[Data extracted from a collection]
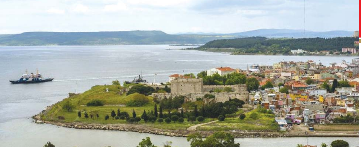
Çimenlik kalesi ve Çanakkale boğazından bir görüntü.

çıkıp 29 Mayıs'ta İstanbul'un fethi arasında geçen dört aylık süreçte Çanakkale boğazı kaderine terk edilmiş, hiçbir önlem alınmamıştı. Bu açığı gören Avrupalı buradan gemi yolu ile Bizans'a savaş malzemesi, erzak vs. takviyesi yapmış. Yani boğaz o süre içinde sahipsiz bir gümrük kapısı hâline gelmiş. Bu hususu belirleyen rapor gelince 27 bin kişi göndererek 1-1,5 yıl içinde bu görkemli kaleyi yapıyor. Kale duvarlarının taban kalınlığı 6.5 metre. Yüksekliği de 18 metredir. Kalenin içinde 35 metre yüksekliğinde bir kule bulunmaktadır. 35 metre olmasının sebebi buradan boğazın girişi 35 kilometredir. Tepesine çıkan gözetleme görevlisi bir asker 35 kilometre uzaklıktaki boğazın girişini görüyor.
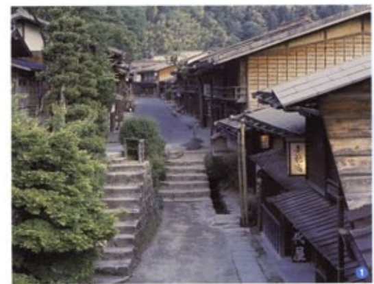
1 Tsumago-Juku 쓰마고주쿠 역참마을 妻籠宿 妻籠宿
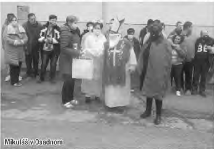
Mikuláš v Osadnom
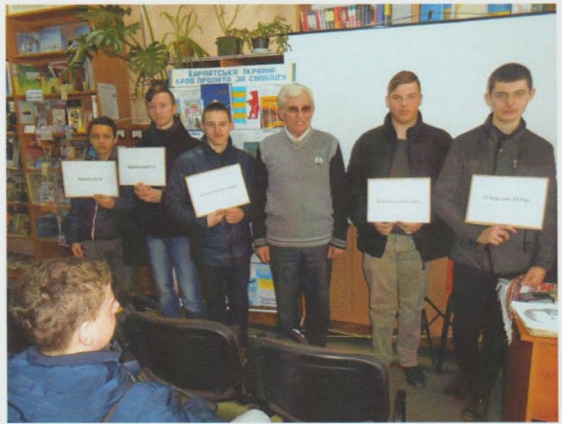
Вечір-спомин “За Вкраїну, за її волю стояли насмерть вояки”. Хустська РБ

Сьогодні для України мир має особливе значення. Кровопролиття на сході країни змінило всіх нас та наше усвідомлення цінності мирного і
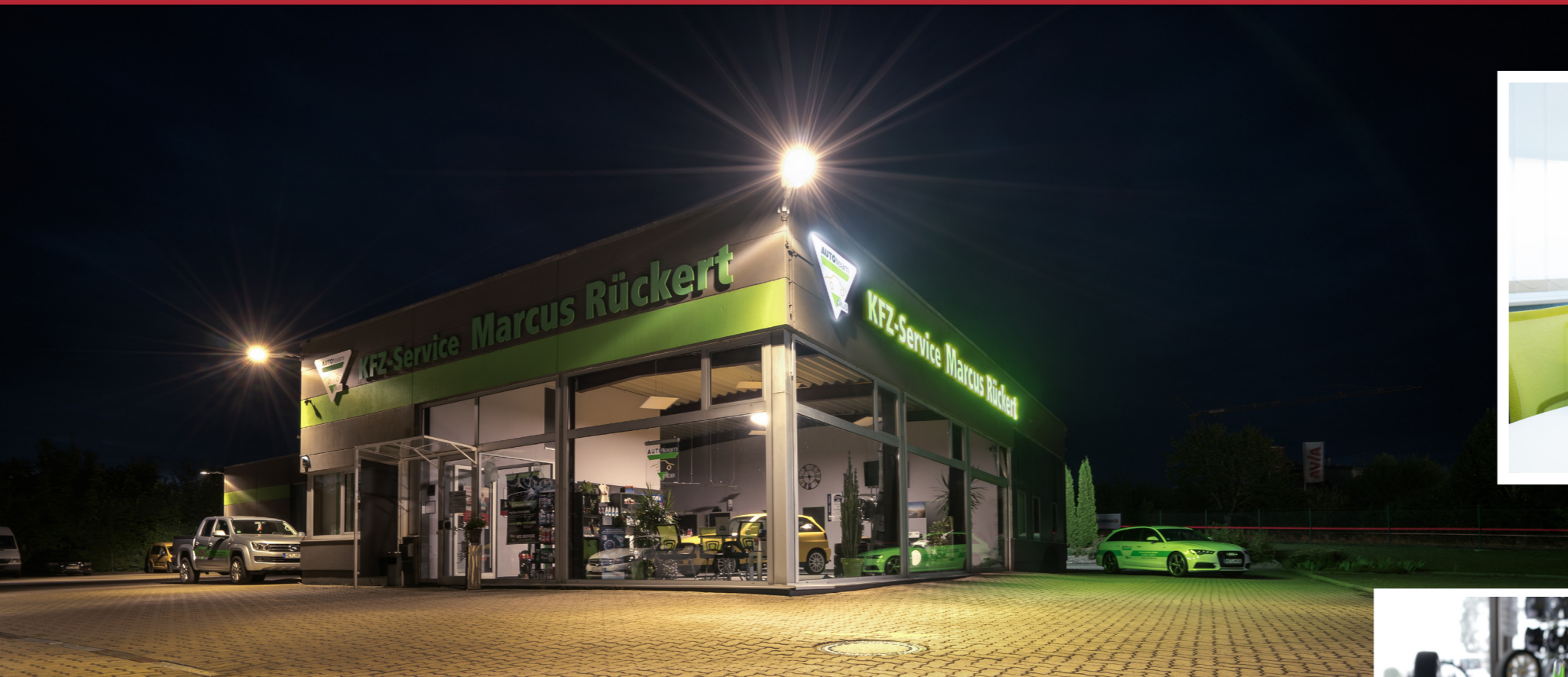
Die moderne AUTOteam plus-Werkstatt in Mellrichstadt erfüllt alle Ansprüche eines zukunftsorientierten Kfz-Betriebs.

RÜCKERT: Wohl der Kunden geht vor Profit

What to work on: What you give back must match the entries exactly, apart from the omitted pictures.

Your response:
Çimenlik kalesi ve Çanakkale boğazından bir görüntü.

çıkıp 29 Mayıs'ta İstanbul'un fethi arasında geçen dört aylık süreçte Çanakkale boğazı kaderine terk edilmiş, hiçbir önlem alınmamıştı. Bu açığı gören Avrupalı buradan gemi yolu ile Bizans'a savaş malzemesi, erzak vs. takviyesi yapmış. Yani boğaz o süre içinde sahipsiz bir gümrük kapısı hâline gelmiş. Bu hususu belirleyen rapor gelince 27 bin kişi göndererek 1-1,5 yıl içinde bu görkemli kaleyi yapıyor. Kale duvarlarının taban kalınlığı 6.5 metre. Yüksekliği de 18 metredir. Kalenin içinde 35 metre yüksekliğinde bir kule bulunmaktadır. 35 metre olmasının sebebi buradan boğazın girişi 35 kilometredir. Tepesine çıkan gözetleme görevlisi bir asker 35 kilometre uzaklıktaki boğazın girişini görüyor.
1 Tsumago-Juku 쓰마고주쿠 역참마을 妻籠宿 妻籠宿
Mikuláš v Osadnom
Вечір-спомин “За Вкраїну, за її волю стояли насмерть вояки”. Хустська РБ

Сьогодні для України мир має особливе значення. Кровопролиття на сході країни змінило всіх нас та наше усвідомлення цінності мирного і
Die moderne AUTOteam plus-Werkstatt in Mellrichstadt erfüllt alle Ansprüche eines zukunftsorientierten Kfz-Betriebs.

RÜCKERT: Wohl der Kunden geht vor Profit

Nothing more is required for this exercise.